Attachments: File dk.rmmod3.r435i0n15.bz2    
Rank (Obsolete): 9223372036854775807

 Description   

If health_sensitivity=0 and the peer is offline, does recovery_interval play any role in how often the client pings the peer?
I ask because, when a filesystem is down, the clients trying to connect to the servers are causing path lookup storms on our InfiniBand fabric.

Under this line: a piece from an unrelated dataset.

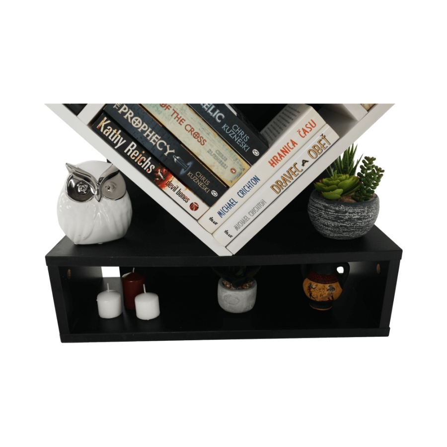 Többfunkciós könyvespolc VEVEY Anyag: DTD Szín: fehér/fekete Méretek (SzéxMéxMa): 59x21,6x150 cm.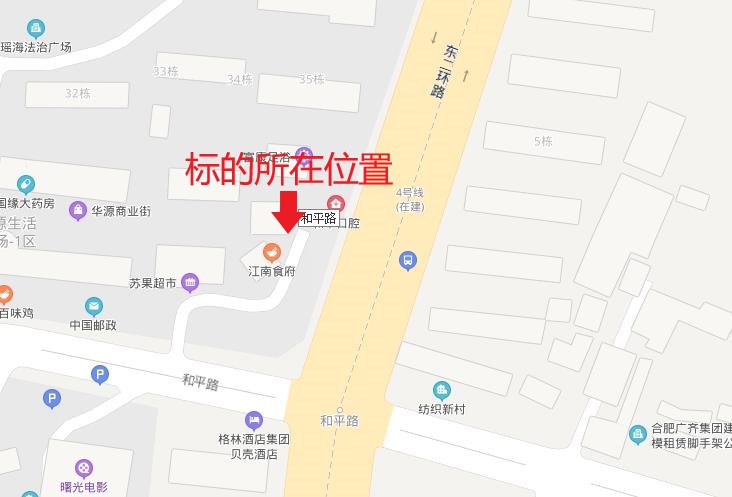 | 1.标的坐落位置:瑶海区和平路110号华源国际城二区 2.标的权属情况:租赁标的有房地产权证,无土地使用权证。租赁标的无权属纠纷,委托方将提供该处标的的权属证明和租赁证明,方便承租人办理相关证照。 |

Too many path lookups cause our subnet manager to lock up and it requires a restart.



 Comments   
Comment by Peter Jones [ 07/Oct/22 ]

Serguei

Could you please advise?

Thanks

Peter

Comment by Serguei Smirnov [ 07/Oct/22 ]

Hi,

Peer recovery shouldn't be happening if health feature is disabled. You should be able to verify this with

lnetctl debug recovery --peer 

There's a possibility that the client pings the server driven by higher-level lustre keepalive mechanism, which, if I remember correctly, pings the server several times within obd_timeout period if there's no other traffic. Another possibility is lnd trying to reconnect on its own. 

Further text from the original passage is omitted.